Class represents K-Means clustering algorithm. More...

Public Member Functions
def	__init__ (self, data, initial_centers, tolerance=0.001, ccore=True, kwargs)
	Constructor of clustering algorithm K-Means. More...

def	process (self)
	Performs cluster analysis in line with rules of K-Means algorithm. More...

def	get_clusters (self)
	Returns list of allocated clusters, each cluster contains indexes of objects in list of data. More...

def	get_centers (self)
	Returns list of centers of allocated clusters. More...

def	get_total_wce (self)
	Returns sum of metric errors that depends on metric that was used for clustering (by default SSE - Sum of Squared Errors). More...

def	get_cluster_encoding (self)
	Returns clustering result representation type that indicate how clusters are encoded. More...

Detailed Description

Class represents K-Means clustering algorithm.

CCORE option can be used to use the pyclustering core - C/C++ shared library for processing that significantly increases performance.

CCORE implementation of the algorithm uses thread pool to parallelize the clustering process.

K-Means clustering results depend on initial centers. Algorithm K-Means++ can used for initialization initial centers from module 'pyclustering.cluster.center_initializer'.

K-Means clustering results.

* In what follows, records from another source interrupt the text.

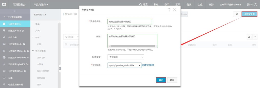 点击【创建安全组】,弹出[创建安全组]页面,填写安全组名称,选择网络类型【专有网络】,点击【确定】按钮。
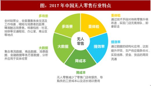 当前中国无人零售行业主要呈现五大特点:以降低人工成本作为无人零售的主要切入点,在重视消费体验,拓展零售场景的同时通过多种技术手段实现大数据的收集、分析与应用,并最终实现消费流程的全面数据化以及整个产业链的智能化升级提效。艾瑞分析认为,零售产业链的全面数据化才是无人零售背后的战略核心,包括客流数据、商品数据、消费数据、金融数据等的全面融合与应用。
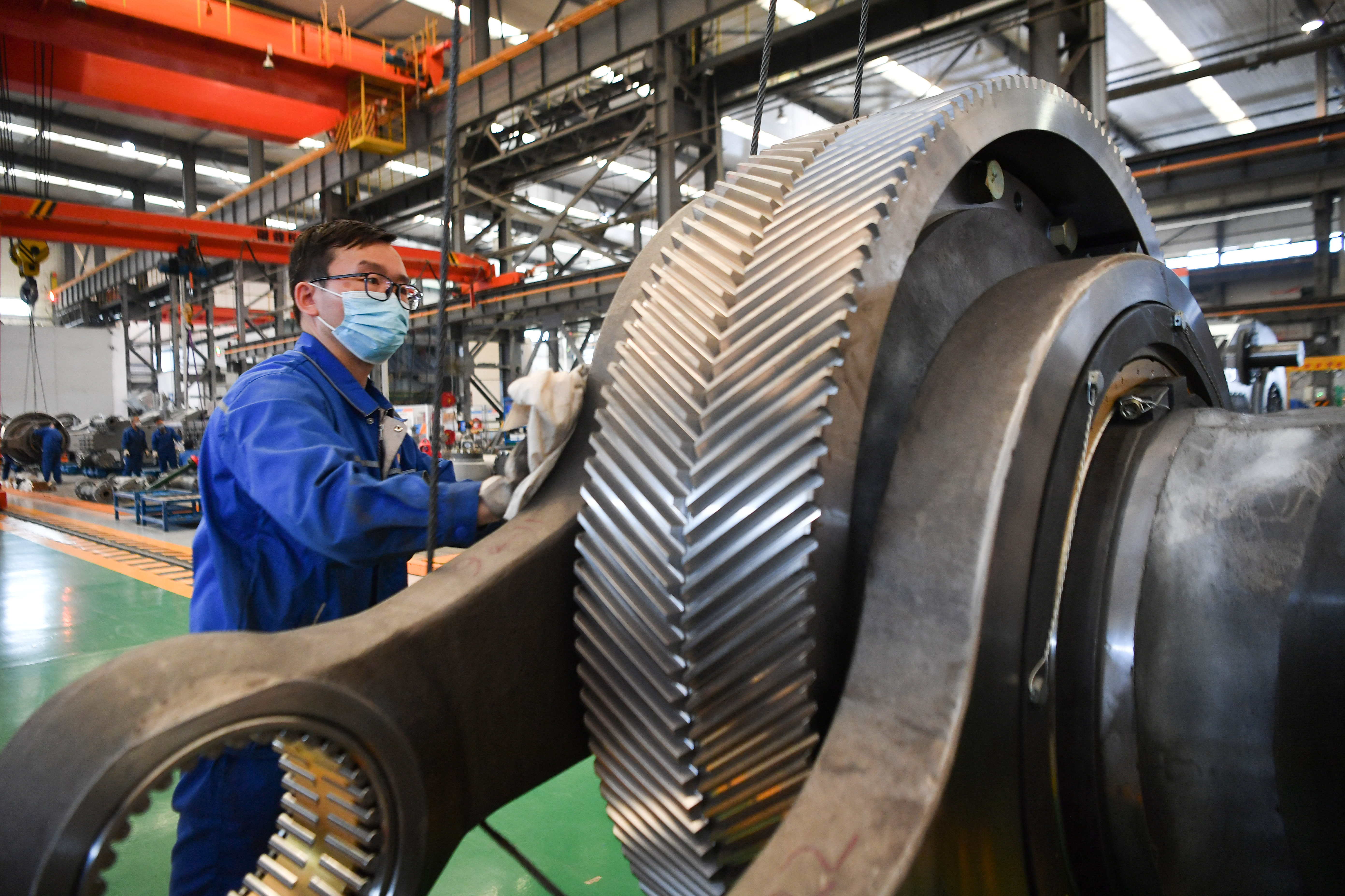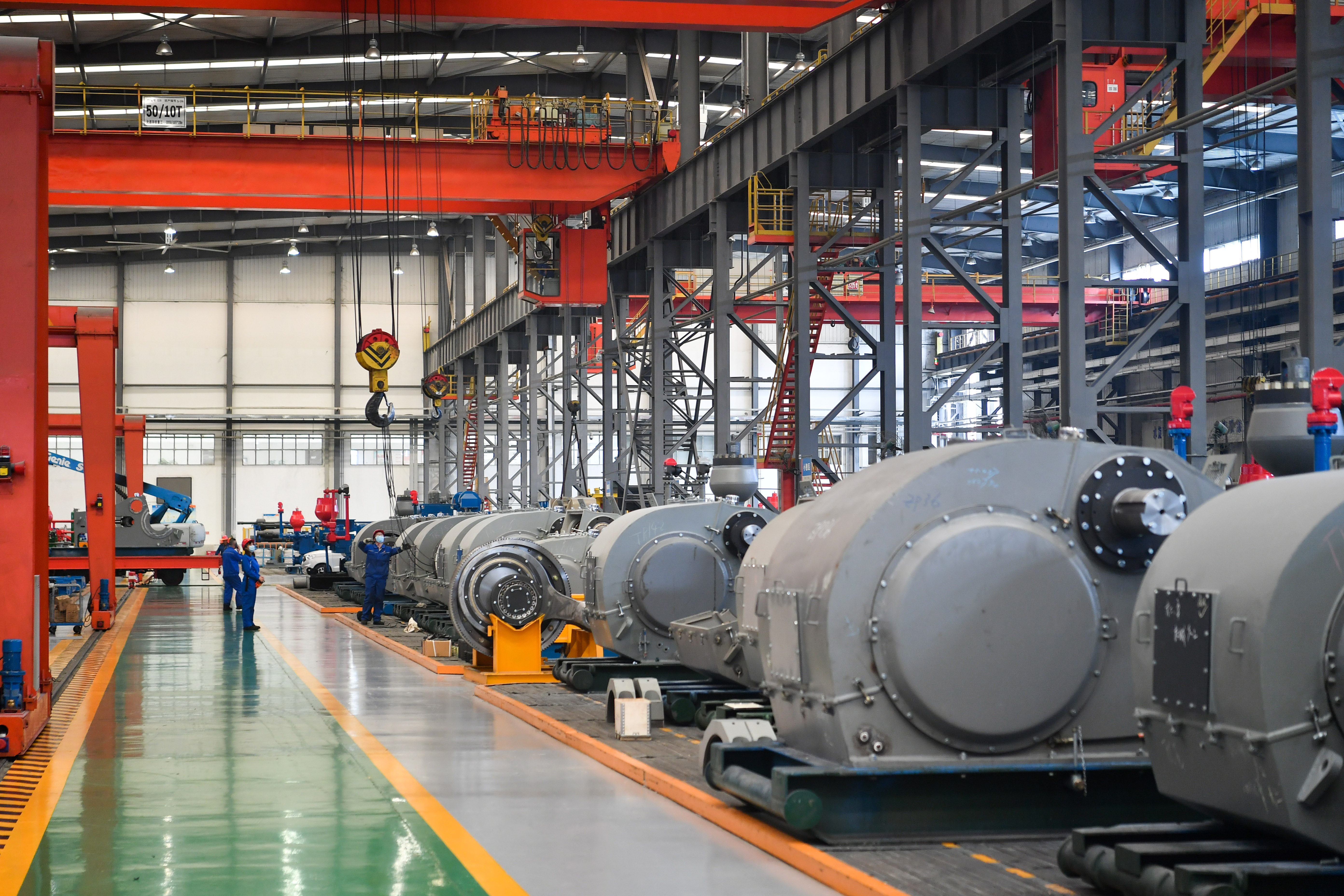 工人在寶雞石油機(jī)械有限責(zé)任公司運(yùn)輸生產(chǎn)設(shè)備。新華社記者 張博文 攝

At the left - 'Simple03.data' sample, at the right - 'Lsun.data' sample.

Example #1 - Trivial clustering:

# load list of points for cluster analysis
sample = read_sample(path)
# create instance of K-Means algorithm
kmeans_instance = kmeans(sample, [ [0.0, 0.1], [2.5, 2.6] ])
# run cluster analysis and obtain results
kmeans_instance.process()
clusters = kmeans_instance.get_clusters()

Example #2 - Clustering using K-Means++ for center initialization:

# load list of points for cluster analysis
sample = read_sample(SIMPLE_SAMPLES.SAMPLE_SIMPLE2)
# initialize initial centers using K-Means++ method
initial_centers = kmeans_plusplus_initializer(sample, 3).initialize()
# create instance of K-Means algorithm with prepared centers
kmeans_instance = kmeans(sample, initial_centers)
# run cluster analysis and obtain results
kmeans_instance.process()
clusters = kmeans_instance.get_clusters()
final_centers = kmeans_instance.get_centers()

See also: center_initializer

Definition at line 272 of file kmeans.py.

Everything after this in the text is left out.